● **WHAT IS REQUIRED**
Nothing but the lines from the one containing "Agoro by New" through the last line of the data below should be returned, each exactly as it stands, pictures excluded.

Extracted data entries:

● ● ● ● ●

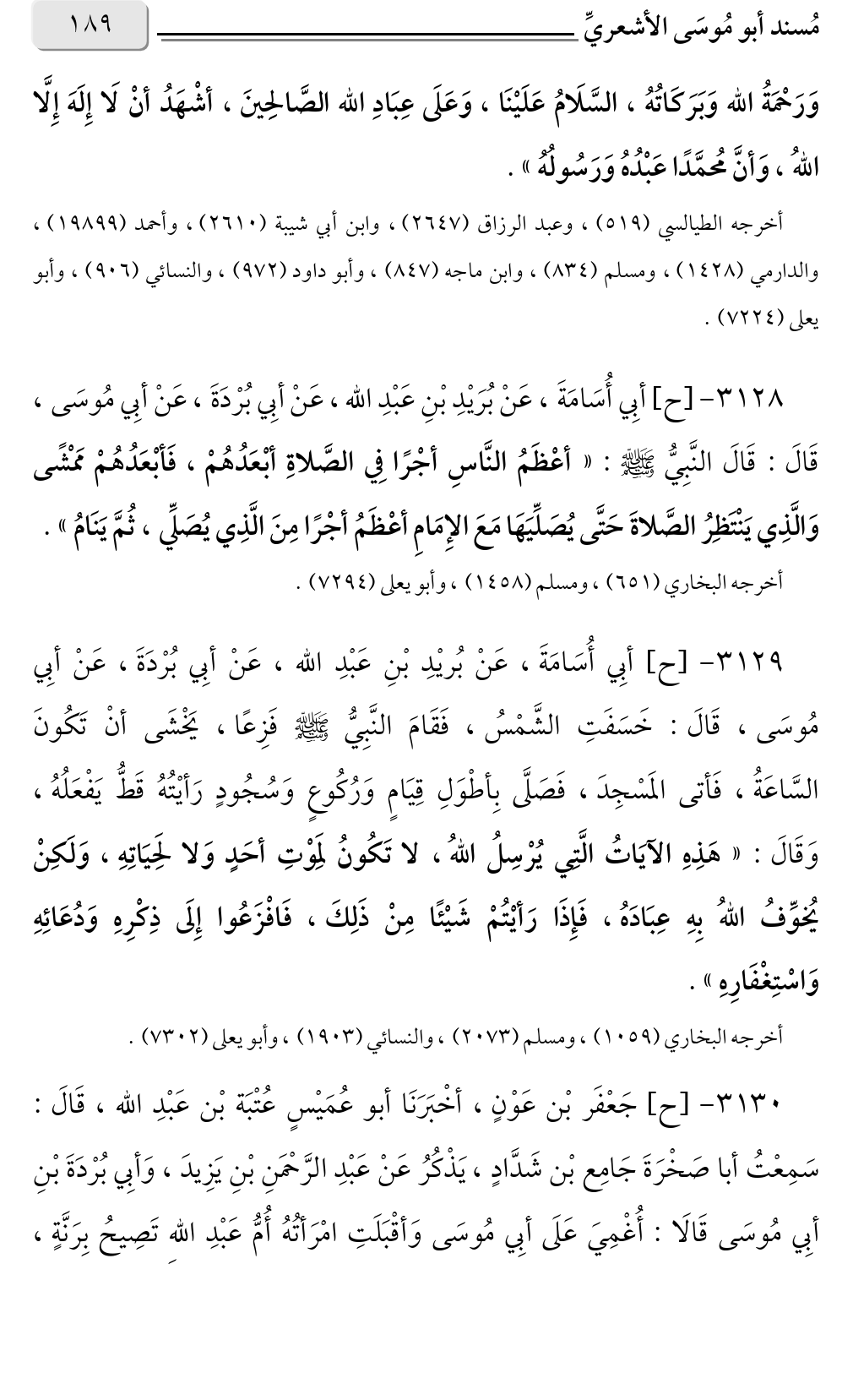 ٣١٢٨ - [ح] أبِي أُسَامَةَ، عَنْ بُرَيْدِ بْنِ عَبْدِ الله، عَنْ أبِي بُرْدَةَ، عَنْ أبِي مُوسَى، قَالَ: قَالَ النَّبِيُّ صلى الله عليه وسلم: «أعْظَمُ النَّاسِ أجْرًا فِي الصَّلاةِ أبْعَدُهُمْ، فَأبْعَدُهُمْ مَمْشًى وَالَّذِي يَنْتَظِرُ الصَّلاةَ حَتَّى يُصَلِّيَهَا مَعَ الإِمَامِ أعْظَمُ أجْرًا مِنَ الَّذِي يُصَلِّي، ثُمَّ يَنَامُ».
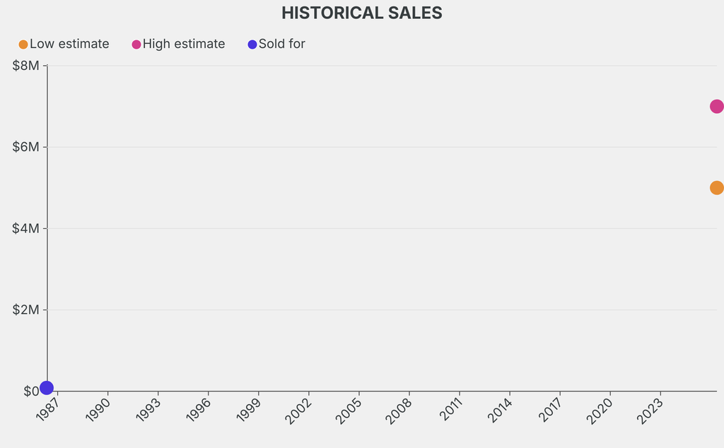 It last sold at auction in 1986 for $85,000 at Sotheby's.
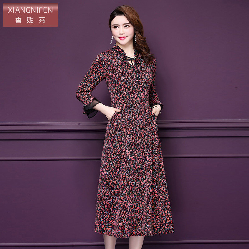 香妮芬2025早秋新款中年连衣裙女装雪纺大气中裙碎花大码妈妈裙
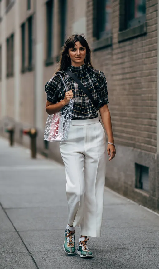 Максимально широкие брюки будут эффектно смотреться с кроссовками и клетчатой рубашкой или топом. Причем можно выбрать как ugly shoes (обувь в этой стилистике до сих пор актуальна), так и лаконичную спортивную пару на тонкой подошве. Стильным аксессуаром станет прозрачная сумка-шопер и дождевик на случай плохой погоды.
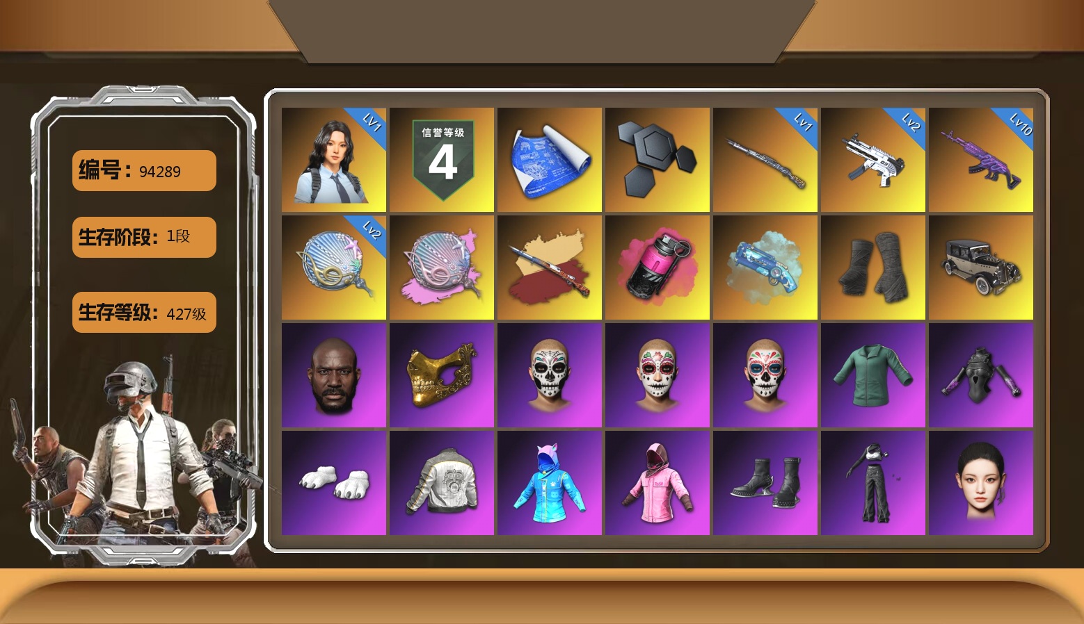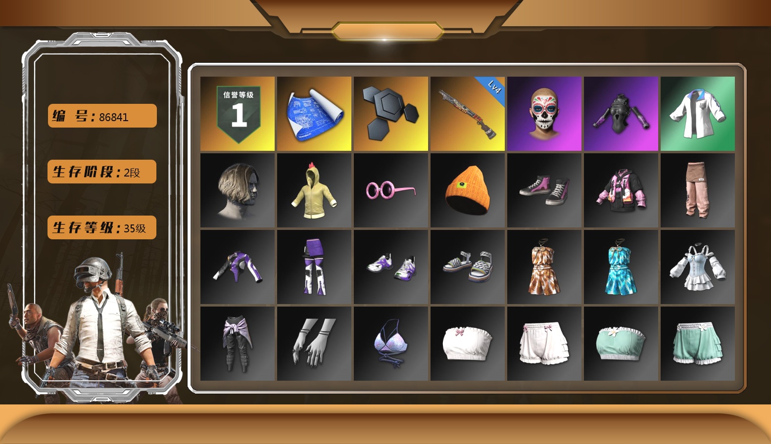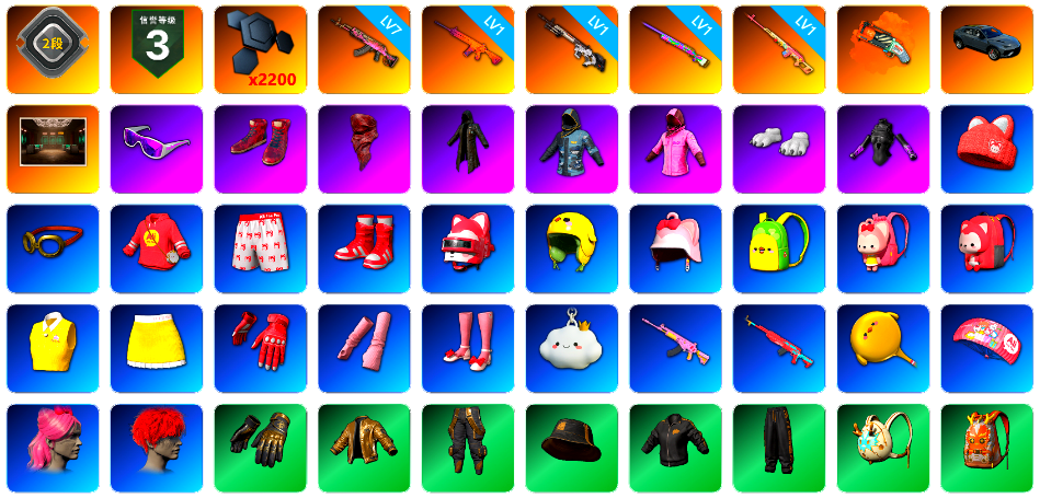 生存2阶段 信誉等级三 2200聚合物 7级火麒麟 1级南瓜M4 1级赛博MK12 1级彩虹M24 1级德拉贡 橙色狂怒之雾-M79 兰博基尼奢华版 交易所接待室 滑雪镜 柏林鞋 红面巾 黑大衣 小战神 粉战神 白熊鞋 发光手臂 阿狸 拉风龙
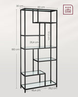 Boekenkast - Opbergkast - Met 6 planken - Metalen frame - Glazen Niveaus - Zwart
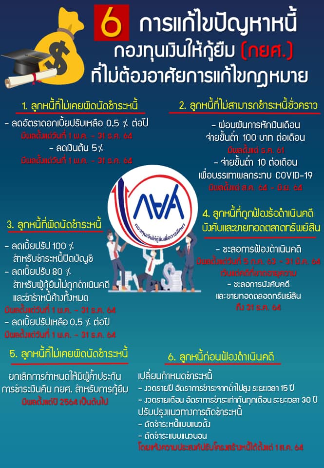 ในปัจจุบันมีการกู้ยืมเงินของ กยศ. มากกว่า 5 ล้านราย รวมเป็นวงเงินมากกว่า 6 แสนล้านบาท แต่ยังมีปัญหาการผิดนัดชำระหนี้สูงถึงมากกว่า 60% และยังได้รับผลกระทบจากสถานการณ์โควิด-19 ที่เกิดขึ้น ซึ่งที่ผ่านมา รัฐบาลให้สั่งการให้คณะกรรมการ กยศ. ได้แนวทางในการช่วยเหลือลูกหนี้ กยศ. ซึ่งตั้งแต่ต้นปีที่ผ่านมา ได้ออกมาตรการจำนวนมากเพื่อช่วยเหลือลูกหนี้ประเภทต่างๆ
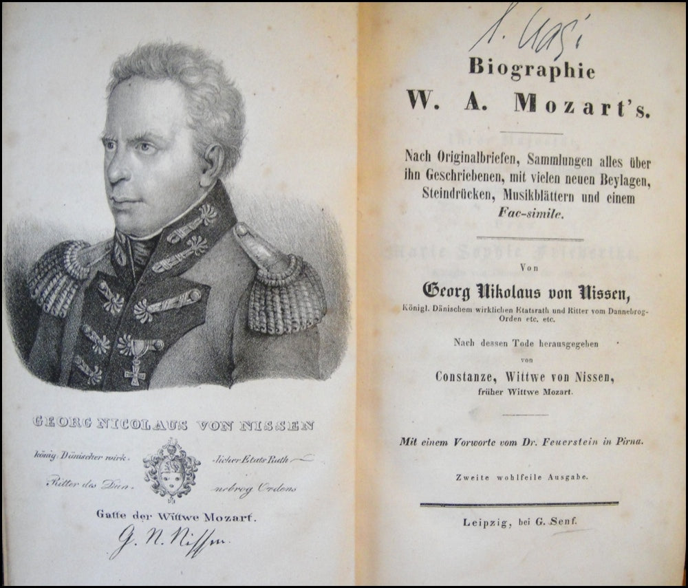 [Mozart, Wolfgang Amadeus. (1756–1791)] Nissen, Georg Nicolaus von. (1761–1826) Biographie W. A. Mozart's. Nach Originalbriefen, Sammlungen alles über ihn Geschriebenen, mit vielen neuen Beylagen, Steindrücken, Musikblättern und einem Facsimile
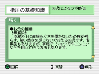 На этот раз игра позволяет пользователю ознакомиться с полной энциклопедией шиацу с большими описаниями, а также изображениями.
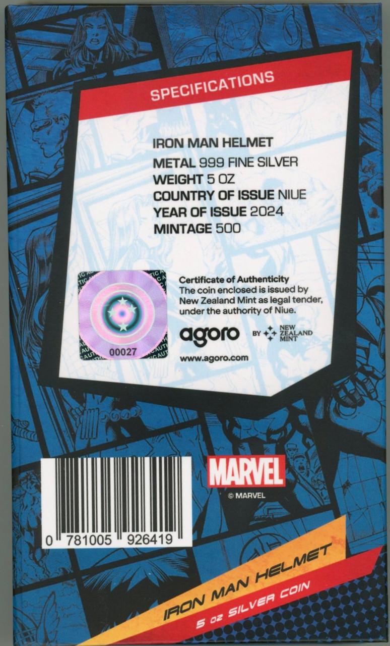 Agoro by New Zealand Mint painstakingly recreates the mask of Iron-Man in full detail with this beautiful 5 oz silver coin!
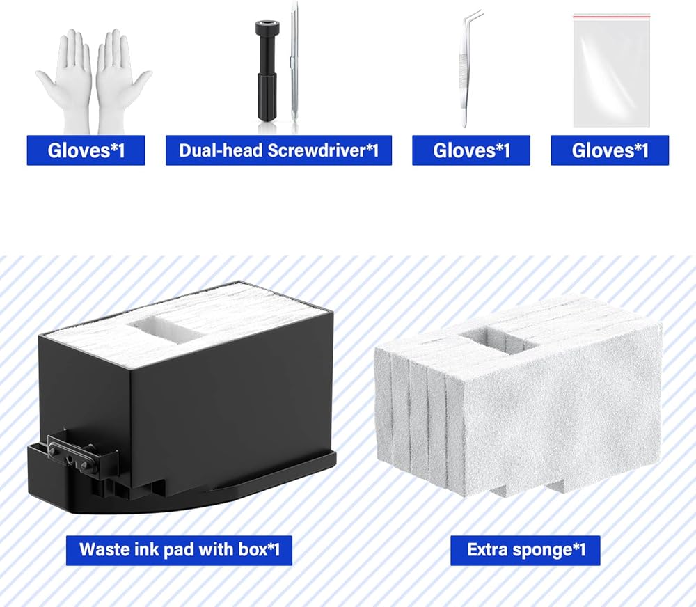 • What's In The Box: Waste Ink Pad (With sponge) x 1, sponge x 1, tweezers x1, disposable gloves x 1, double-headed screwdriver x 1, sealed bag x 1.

● ● ● ● ●

● **WORKED SOLUTION**
 Agoro by New Zealand Mint painstakingly recreates the mask of Iron-Man in full detail with this beautiful 5 oz silver coin!
 • What's In The Box: Waste Ink Pad (With sponge) x 1, sponge x 1, tweezers x1, disposable gloves x 1, double-headed screwdriver x 1, sealed bag x 1.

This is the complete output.